- [DIRECTIONS FOR THIS TASK] Please repeat the whole listing verbatim.

- [DATA PROVIDED]
● ● ● ● ● ● ●

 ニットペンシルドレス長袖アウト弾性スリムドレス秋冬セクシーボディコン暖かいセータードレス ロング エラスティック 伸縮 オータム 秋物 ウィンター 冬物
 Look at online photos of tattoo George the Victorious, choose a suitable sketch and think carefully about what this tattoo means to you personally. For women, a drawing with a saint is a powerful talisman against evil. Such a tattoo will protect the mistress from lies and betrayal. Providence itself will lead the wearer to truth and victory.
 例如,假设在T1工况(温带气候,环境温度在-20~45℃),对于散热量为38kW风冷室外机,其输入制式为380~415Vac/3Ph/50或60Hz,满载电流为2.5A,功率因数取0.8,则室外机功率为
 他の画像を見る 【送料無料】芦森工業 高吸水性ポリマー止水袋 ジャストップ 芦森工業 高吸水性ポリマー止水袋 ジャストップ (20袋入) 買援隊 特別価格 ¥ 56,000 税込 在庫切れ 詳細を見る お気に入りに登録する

● ● ● ● ● ● ●

- [SOLUTION TO THIS TASK]
 ニットペンシルドレス長袖アウト弾性スリムドレス秋冬セクシーボディコン暖かいセータードレス ロング エラスティック 伸縮 オータム 秋物 ウィンター 冬物
 Look at online photos of tattoo George the Victorious, choose a suitable sketch and think carefully about what this tattoo means to you personally. For women, a drawing with a saint is a powerful talisman against evil. Such a tattoo will protect the mistress from lies and betrayal. Providence itself will lead the wearer to truth and victory.
 例如,假设在T1工况(温带气候,环境温度在-20~45℃),对于散热量为38kW风冷室外机,其输入制式为380~415Vac/3Ph/50或60Hz,满载电流为2.5A,功率因数取0.8,则室外机功率为
 他の画像を見る 【送料無料】芦森工業 高吸水性ポリマー止水袋 ジャストップ 芦森工業 高吸水性ポリマー止水袋 ジャストップ (20袋入) 買援隊 特別価格 ¥ 56,000 税込 在庫切れ 詳細を見る お気に入りに登録する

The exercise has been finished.